Identification of Ignorance

                                 The final role of modeling is to help us identify our ignorance. This takes two forms. First, the construction
                                 of the model often requires us to name parameters whose numerical value is unknown. This leads us to
                                 estimate the possible range of such parameters or to design experiments to determine the parameter’s value.
                                 Identifying missing details is the first step in determining them. In this way models help us identify our
                                 ignorance of details of the problem or our proposed solution. Secondly, the predictions we make with the
                                 help of our models are testable. The adequacy of a model to describe system behavior can be determined by
                                 comparing actual system behavior with predictions based on that model. Differences between actual system
                                 performance and a model’s predictions point to errors in the model that may be significant. By testing the
                                 validity of our models we identify aspects of the real system that are inadequately reproduced in our model
                                 or artifacts of the model that do not exist in the real system. These discrepancies may point to an inappropriate
                                 assumption or to a fundamental misunderstanding of the physical system. In either case, the source of these
                                 discrepancies should be understood in order to determine if our model is adequate for its intended purpose.


                                 22.3 Modeling of Systems and Signals

                                 In the area of systems and signals we typically deal with the modeling of system dynamics and information
                                 flows through the system and its environment. As can be seen from the discussion above, this is but a
                                 small part of the modeling needed for system design. However, there are a number of decisions that must
                                 be made in selecting a model for the behavior of a dynamic system. These include the choice between
                                 analytic and numerical modeling, the use of distributed or lumped parameters, the approach used to
                                 model random factors, and the choice between linear and nonlinear models. These issues are considered
                                 in the paragraphs below.

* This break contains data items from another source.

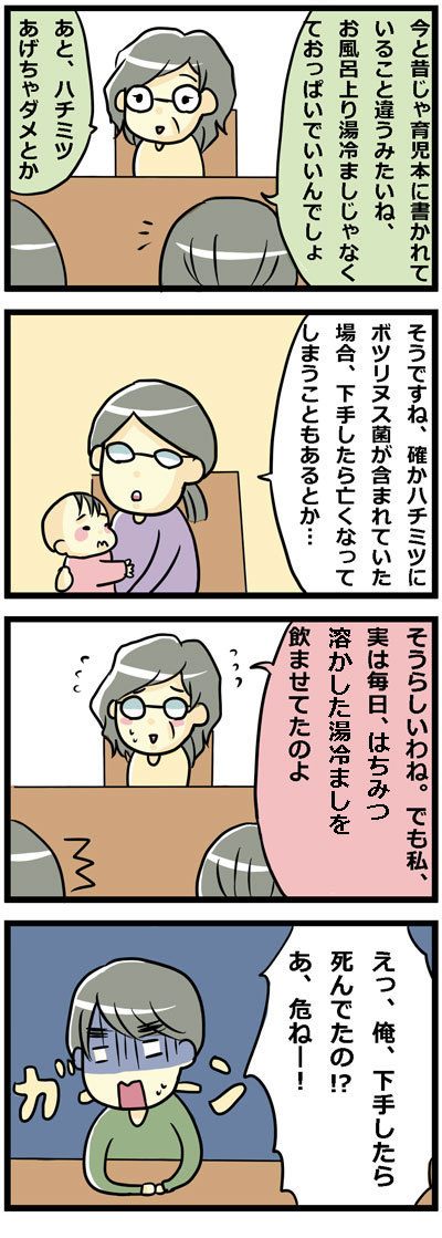 義母の告白 2015年10月08日 シルバーウィーク義実家滞在記⑤今、調べてみたら1987年に厚生省が乳幼児にハチミツは食べさせないように発表したんですね。なのでそれ以前に赤ちゃんがいたご家庭ではハチミツ食べさせていたところはありそうですね。私も食べてそう・・・(親に未確認ですが) ... 続きを読む
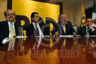 MÉXICO, D.F., 01OCTUBRE2009.- El senador perredista, Graco Ramirez ju8nto a Jesús Ortega Martínez Presidente Nacional del PRD, Jorge Eduardo Navarrete y Saul Escobar durante la entrega de una propuesta fiscal elaborada por economistas de la Universidad Nacional Autónoma de México. FOTO: ENRIQUE ORDÓÑEZ/CUARTOSCURO.COM
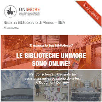 - Assistenza agli utenti: si ricorda che i bibliotecari sono a disposizione per assistenza alla ricerca bibliografica sia attraverso i contatti email consulenzabsi@unimore.it, sia attraverso il servizio Chiedi al bibliotecario
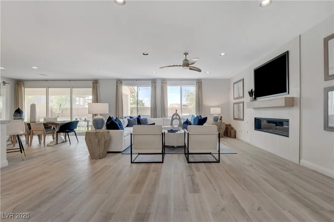This absolutely gorgeous MODEL Home is fully furnished and fully landscaped front and back. Never lived in! Beautiful patio cover with pavers. This home has a multi 12’ slider in the nook area making it great for entertaining. This home also features a finished office with 2 working areas and Glass sliding doors off of the kitchen area! Gorgeous! It has a wide open loft that is open to the entryway. Too many upgrades to list.!! A lot of designer features with tile walls and gorgeous granite counters!! Large kitchen island with walk-in pantry and open floorplan. This home also features 78” gas fireplace in the great room, great for coziness!! Upgraded flooring throughout and a valet in the mud area. Comes with all upgraded stainless steel appliances including washer, dryer and refrigerator! Spacious backyard with no neighbors, strip and mountain views and fire pit!
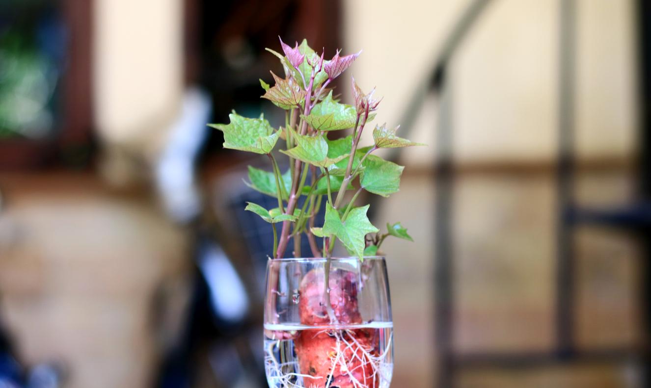 Puedes optar por cultivar plantas del boniato directamente en agua. De hecho, si lo mantienes ahí podrás ver como poco a poco van creciendo nuevos tallos del mismo que darán como resultado una planta más que llamativa para decorar cualquier rincón de tu hogar. Además, podrás volverla a trasplantar cuando quieras, tan solo asegúrate de que reciba luz solar directa a diario.

                                 Analytical vs. Numerical Models
                                 In this area both analytical and numerical tools are available to support our efforts, so we have a number
                                 of decisions to make regarding the level of complexity of the models we choose to use for various tasks.
                                 Analytical tools provide insights into overall system behaviors and can allow us to make comparisons
                                 between dissimilar systems based on a similarity in their models. These analogous systems often prove
                                 useful in the concept generation phase of design because they allow us to bring to bear solutions to
                                 diverse problems to the solution of the problem at hand. However, as described above, these analogies
                                 usually break down upon closer inspection. In the case of analogies in dynamics, they are typically based
                                 on systems described by equivalent differential equations (e.g., electronic and mechanical oscillators).
                                 However, these linear differential equations are but simplifications that ignore nonlinearities and time-
                                 dependent behavior that may greatly affect system behavior. Therefore, when applying analogies one
                                 must always be careful to explicitly state assumptions made in the modeling process.
                                   Numerical tools, on the other hand, do not yield the same insights of analytical tools, but provide
                                 other and more detailed insights into real system behavior and performance. Typically these tools become
                                 most useful later in the design process, both for tradeoff analysis and for detailed design work. The
                                 availability of these tools opens many doors to modeling options that have in the past been closed and
                                 allows us to consider options that have historically been considered unwieldy. For example, numerical
                                 solution of nonlinear differential equations allows modeling of systems that had previously been
                                 approached only with linear approximations.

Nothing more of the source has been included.